Does lake sailing count? We got our first boat in '96, spent a lot of time out on it. The last 5 yr.s life has gotten in the way of long weekends. Add to that a lake level that dropped to dangerous levels, so not so much sailing. But we will make up for that now that we are retired!


----------



## slokaj

I spent summers in grade school on my father's day sailers on a small inland lake in southwest Michigan, (mainly as a passenger), then nothing for almost 20 years. Got started again a few years ago when my husband got interested, took lessons, bought a Hunter 170 for use on that same inland lake in Michigan, then realized we needed a boat closer to home (Chicago north shore) and bought a Newport 28 for use on Lake Michigan.

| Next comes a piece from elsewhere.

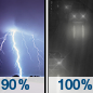 Temperature: 53°F Wind Speed: 18 to 31 mph Wind Direction: SSE Forecast: Showers and thunderstorms before 10pm, then rain. Mostly cloudy. Low around 53, with temperatures rising to around 55 overnight. South southeast wind 18 to 31 mph, with gusts as high as 51 mph. Chance of precipitation is 100%. New rainfall amounts between a half and three quarters of an inch possible. |

Now we can sail wherever we happen to be in the summer.


----------



## TSOJOURNER

Hey ADMTROX, love the picture.


----------



## ADMTROX

slokaj said:


> I spent summers in grade school on my father's day sailers on a small inland lake in southwest Michigan, (mainly as a passenger), then nothing for almost 20 years. Got started again a few years ago when my husband got interested, took lessons, bought a Hunter 170 for use on that same inland lake in Michigan, then realized we needed a boat closer to home (Chicago north shore) and bought a Newport 28 for use on Lake Michigan. Now we can sail wherever we happen to be in the summer.


Hi Slokaj,

We sail on Lake St Clair in Southeastern Michigan. We are planning a summer trip to the North Channel, maybe we will see you around.


----------



## ADMTROX

JacquelineHaden said:


> Hello, I'm new to this site..but it seems to have alot of female input. I like that.
> Jacqueline Haden


Thank you, I love birds and thought the hand painted as a bird was very creative.


----------